IBM's Watson Question Answering (QA) System will challenge humans in the television quiz show Jeopardy!

"IBM is working to build a computing system that can understand and answer complex questions with enough precision and speed to compete against some of the best Jeopardy! contestants out there.

"This challenge is much more than a game. Jeopardy! demands knowledge of a broad range of topics including history, literature, politics, film, pop culture and science. What's more, Jeopardy! clues involve irony, riddles, analyzing subtle meaning and other complexities at which humans excel and computers traditionally do not. This, along with the speed at which contestants have to answer, makes Jeopardy! an enormous challenge for computing systems. Code-named "Watson" after IBM founder Thomas J. Watson, the IBM computing system is designed to rival the human mind's ability to understand the actual meaning behind words, distinguish between relevant and irrelevant content, and ultimately, demonstrate confidence to deliver precise final answers.

"Known as a Question Answering (QA) system among computer scientists, Watson has been under development for more than three years. According to Dr.
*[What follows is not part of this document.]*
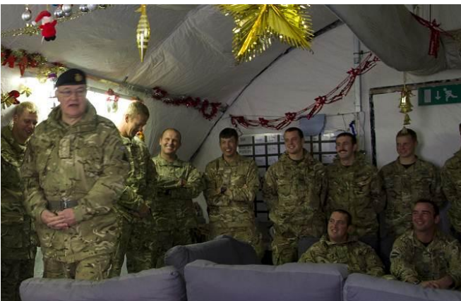
The Chief of the General Staff and the Commanding Officer.

David Ferrucci, leader of the project team, 'The confidence processing ability is key to winning at Jeopardy! and is critical to implementing useful business applications of Question Answering.

"Watson will also incorporate massively parallel analytical capabilities and, just like human competitors, Watson will not be connected to the Internet, or have any other outside assistance.  

"If we can teach a computer to play Jeopardy!, what could it mean for science, finance, healthcare and business? By drastically advancing the field of automatic question answering, the Watson project's ultimate success will be measured not by daily doubles, but by what it means for society" (http://www.research.ibm.com/deepqa/index.shtml, accessed 06-16-2010).

On June 16, 2010 The New York Times Magazine published a long article by Clive Thompson on IBM's Watson's challenge of humans in Jeopardy! entitled, in the question response language of Jeopardy!, "What is I.B.M.'s Watson?."

♦ Link to to FAQs concerning Watson and Jeopardy! on IBM's website, accessed 02-08-2011: http://www.research.ibm.com/deepqa/faq.shtml.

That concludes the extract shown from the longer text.